Details
Frantisek Kupka (1871-1957)

Study for Pistols, Stamens and animated Lines

signed lower right Kupka, gouache on paper
12 x 12in. (30.5 x 30.5cm.)

Executed circa 1919-1920
Provenance
Private Collection, Prague
Private Collection, Los Angeles

Lot Essay

Kupka has been credited with producing the first pure abstractions in modern art. Having enjoyed a formal education in Prague, Vienna and Paris, Kupka rejected representational art altogether in 1911 in preference of extraordinary experiments in abstraction. It is easy to over-simplify Kupka's work but Apollinaire's description of Orphic Cubism offers at least one easily graspable view of his intentions: "[Orphism] is the art of painting new structures with elements which have not been borrowed from the visual sphere, but have been created entirely by the artist himself, and been endowed by him with fullness of reality. The work of the orphic artist must simultaneously give a pure aesthetic pleasure; a structure which is self-evident; and a sublime meaning, that is a subject. This is pure art." (Apollinaire, Les Peintres cubistes, Paris, 1913, English translation, p. 117.)

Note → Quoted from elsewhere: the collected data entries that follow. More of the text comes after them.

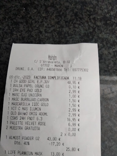 Read moreAyer estuvimos mis amigas y yo viendo perfumes, y una amiga empezó a probar uno, a lo cual se acerca la dependienta de mala manera a decirle, eso no es un tester y mi amiga le dice ah vale perdona lo siento no lo sabía y deja el perfume en la estantería, y le dice no no lo dejes allí. a lo cual yo hablando con mi amiga le digo y que tienes que hacer? y la dependienta dice pues pagarlo. lo cual me parece increíble cuando nunca hay testers. Minutos después mi amiga va a la cola ya que la dependienta estaba insistiendo mucho y de mala manera, y esperando yo le digo, está siendo maleducada contigo no lo pagues si no quieres y además algo que no te gusta, déjalo y nos vamos (estábamos hablando en menorquin) y ella desde lo lejos que estaba nos escuchaba y al lado de la cola se pone a decir : es que es com si foteguesis un moss a una cosa des super i ho deixis allá diguent que no ha estat aposta. dando mucha vergüenza porque toda la gente que está en la cola de giro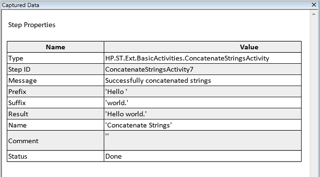 The contents of the Captured Data pane differ depending on the level you select in the Run Results tree in the left pane.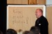 Wie das Aktionstheater die speziellen Befindlichkeiten innerhalb eines Unternehmens umsetzt, erfuhren die Teilnehmer des Themenabends im zweiten Teil. In Gruppen sammelten sie Aussagen, was sie beim Veränderungsprozess Kraft kostet. Zum Beispiel, wenn Unsicherheit und Unklarheit besteht. Daraus kreierten die drei Schauspieler eine Szene, in der zwei Projektleiter für die Vorbereitung einer Präsentation von ihrem Chef lauter kurze, unvollständige und sich widersprechende Informationen und Anweisungen bekommen. Ratlos brüten sie darüber, wohl wissend „er meint ja soviel, wenn er so wenig spricht...“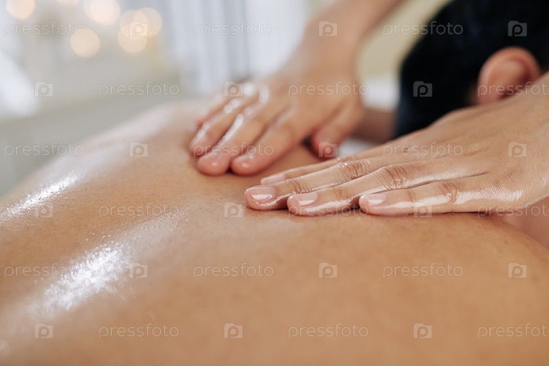 Массаж спины органическим маслом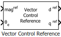 Блок принимает величину и положение опорного вектора в качестве входных данных. Блок выводит компоненты опорного вектора вдоль прямой и квадратурной осей вращающегося опорного кадра dq.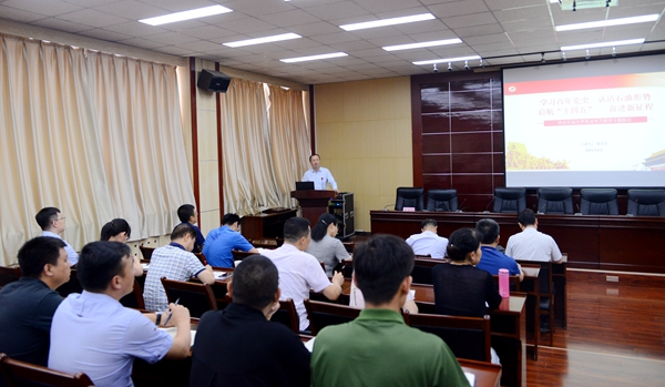 625日下午,张荣军副校长在雁塔校区会议中心第五会议室作了题为《学习百年党史 认清石油形势 启航“十四五” 奋进新征程》的党史学习教育专题辅导报告。人事处、科技处、国际交流与合作处、国际教育学院、信息中心、电子工程学院科级以上干部、教职工党支部书记、支部委员及教师代表近100人参加了报告会。电子工程学院党委书记何铖主持报告会。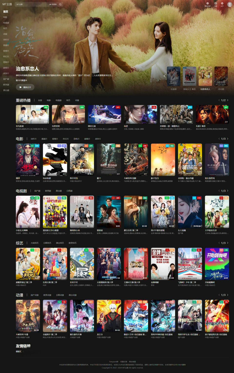 苹果cms MT主题是一款多功能苹果cmsV10暗黑大气主题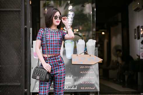 | Trang phục kết hợp đầy tinh tế giữa hàng hiệu và đồ thiết kế trong nước giúp Hương Tràm nổi bật trên phố. |

Painted at the peak of his powers in 1919 to 1920, the series of Tales of Pistils and Stamens focuses on the reproductive processes of plants as a symbol of birth and regeneration. Besides a 'sublime meaning' the flowers also provide Kupka with a rich visual language of colour, curving forms, contrasts of texture and vortexes of petals and leaves. Unlike the rather static works of the mid '20s and '30s, these Post-War pictures are brim-full of the latent energy of the natural world. Three oils from the Tales of Pistils and Stamens are known to exist; two of these are in the Musée National d'Art Moderne, Paris, and the Národní Galerie, Prague. Of the gouaches, one is housed in The Solomon R. Guggenheim Museum in New York and others are in private collections. Of these works on paper, a drawing previously in the collection of Eugénie Kupka and later Karl Flinker, bears great similarity in composition to the present gouache. Executed circa 1919 the drawing was exhibited in the pivotal Kupka retrospective organised by the Solomon R. Guggenheim Museum in 1975. (Exhibition Catalogue, p. 210, no. 117, illustrated.)